Another important consequence of being obese prior to and during menopause is that obese women appear to have more severe menopausal characteristics and symptoms. A large meta-analysis suggested that overweight/obese premenopausal women enter natural menopause at an older age than normal-weight women (18). Interestingly, whereas this delay in menopause can protect against certain diseases, including CVD (19), delayed menopause is associated with increased risk of breast cancer (20).
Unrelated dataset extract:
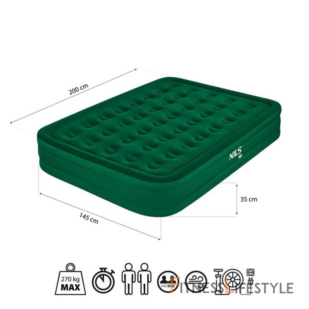 Vďaka veľkosti 200 × 145 × 35 cm matrac poskytuje priestranný a pohodlný priestor na spanie pre dvoch ľudí. Jeho šírka zaisťuje slobodu pohybu bez pocitu nepokoja a zvýšená výška až 35 cm efektívne izoluje telo zo substrátu a chráni pred studenou, vlhkosťou a nerovnomernosťou terénu. Je to ideálne riešenie pre tých, ktorí oceňujú pohodlie - doma aj počas noci na otvorenom vzduchu.
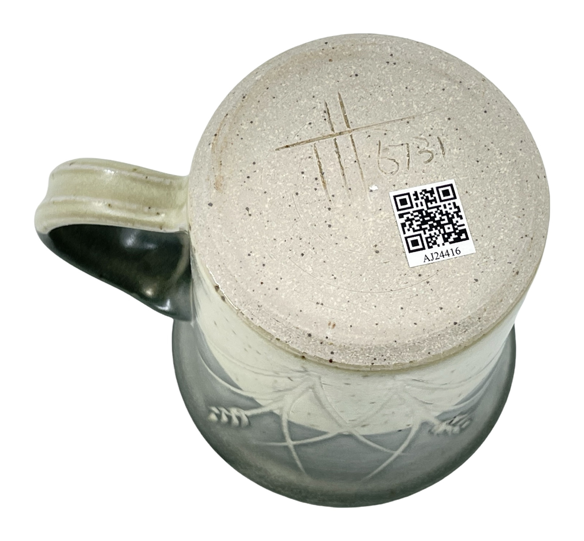 These mugs are intended to demonstrate the techniques, recipes and materials I promote on this site. My audience is potters, hobbyists and manufacturers. Each mug described maintains its own permanent page here with detailed physical description as well as information on every detail of how it was made. Since each has links into many areas of this site that provide more detail, researching just one mug could take hours! The "AJxxxx" serial number on any can be searched here.

Compared with normal-weight women, obese women undergoing the menopausal transition are also more likely to experience exacerbated menopausal symptoms, including urogenital and vasomotor symptoms (21, 22), which we previously showed could be related to midlife hormonal shifts in obese women (23). Overall, these results suggest that in addition to putting women at greater risk of cardiometabolic dysregulations, being overweight/obese can increase the severity of menopausal symptoms. Therefore, it is essential to understand factors associated with elevated obesity risk in middle-aged women.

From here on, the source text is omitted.